*What you will do*
Exactly the lines below from the line with "any target. |" through the line with "Hex #8c2c44 Color" must make up the answer, both ends included and pictures left out.

*Data shown*
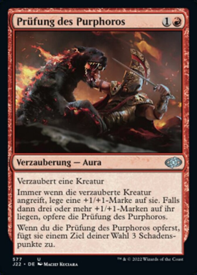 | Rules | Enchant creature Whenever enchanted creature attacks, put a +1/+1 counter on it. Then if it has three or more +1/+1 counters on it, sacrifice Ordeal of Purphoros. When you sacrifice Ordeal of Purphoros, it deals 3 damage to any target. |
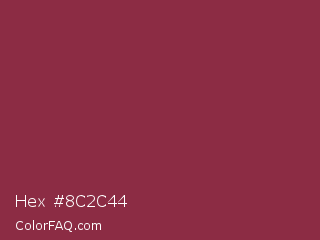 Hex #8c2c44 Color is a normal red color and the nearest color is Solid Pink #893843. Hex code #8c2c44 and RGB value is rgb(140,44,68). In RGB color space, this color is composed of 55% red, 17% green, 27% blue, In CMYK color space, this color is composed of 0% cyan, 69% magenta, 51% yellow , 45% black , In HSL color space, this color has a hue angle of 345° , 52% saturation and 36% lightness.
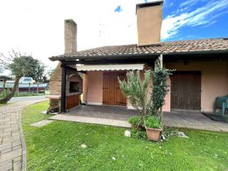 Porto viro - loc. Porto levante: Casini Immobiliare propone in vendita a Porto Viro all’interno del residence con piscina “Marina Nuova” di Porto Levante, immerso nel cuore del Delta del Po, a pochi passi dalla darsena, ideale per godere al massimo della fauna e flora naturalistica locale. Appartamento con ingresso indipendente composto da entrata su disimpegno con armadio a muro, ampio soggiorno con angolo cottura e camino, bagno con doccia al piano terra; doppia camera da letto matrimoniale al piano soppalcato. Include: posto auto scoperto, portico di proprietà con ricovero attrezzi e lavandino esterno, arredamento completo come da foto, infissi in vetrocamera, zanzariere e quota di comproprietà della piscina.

---

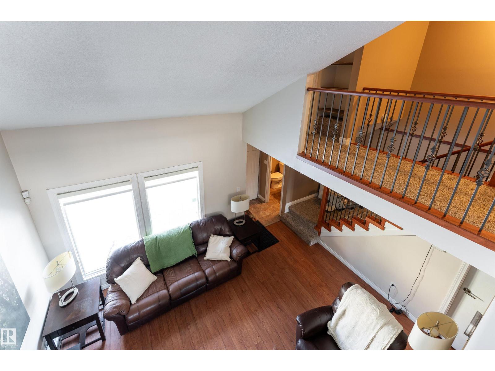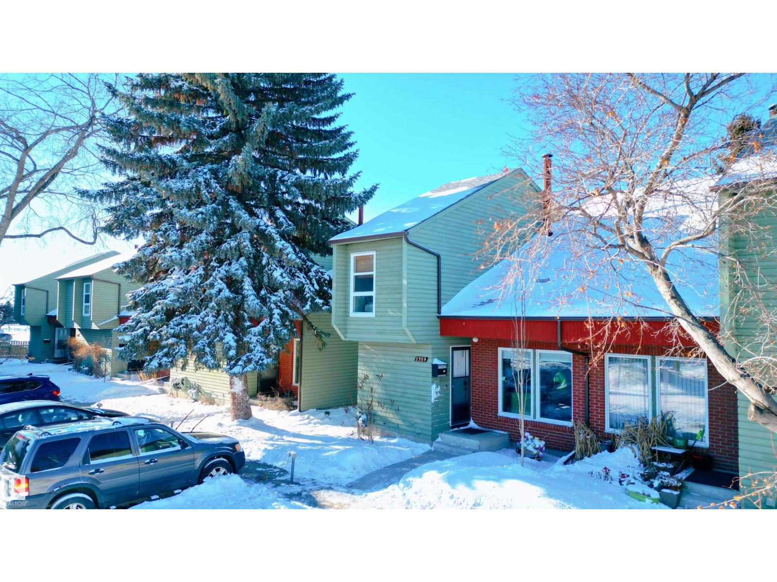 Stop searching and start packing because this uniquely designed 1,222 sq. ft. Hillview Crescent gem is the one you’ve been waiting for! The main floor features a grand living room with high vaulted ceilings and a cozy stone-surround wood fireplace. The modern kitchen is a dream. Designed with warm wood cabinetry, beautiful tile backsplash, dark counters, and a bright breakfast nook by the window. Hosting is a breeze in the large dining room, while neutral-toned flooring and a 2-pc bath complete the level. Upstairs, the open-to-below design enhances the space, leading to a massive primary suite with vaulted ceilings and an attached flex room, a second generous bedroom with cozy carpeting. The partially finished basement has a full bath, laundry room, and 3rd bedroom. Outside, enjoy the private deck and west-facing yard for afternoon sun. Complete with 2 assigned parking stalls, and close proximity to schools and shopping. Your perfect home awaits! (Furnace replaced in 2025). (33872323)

--

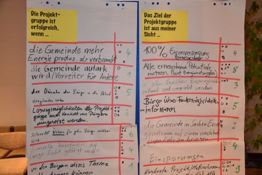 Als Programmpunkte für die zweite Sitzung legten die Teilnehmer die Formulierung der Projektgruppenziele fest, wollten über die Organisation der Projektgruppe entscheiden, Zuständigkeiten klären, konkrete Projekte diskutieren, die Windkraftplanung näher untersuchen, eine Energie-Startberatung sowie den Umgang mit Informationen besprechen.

*Exercise result*
 | Rules | Enchant creature Whenever enchanted creature attacks, put a +1/+1 counter on it. Then if it has three or more +1/+1 counters on it, sacrifice Ordeal of Purphoros. When you sacrifice Ordeal of Purphoros, it deals 3 damage to any target. |
 Hex #8c2c44 Color is a normal red color and the nearest color is Solid Pink #893843. Hex code #8c2c44 and RGB value is rgb(140,44,68). In RGB color space, this color is composed of 55% red, 17% green, 27% blue, In CMYK color space, this color is composed of 0% cyan, 69% magenta, 51% yellow , 45% black , In HSL color space, this color has a hue angle of 345° , 52% saturation and 36% lightness.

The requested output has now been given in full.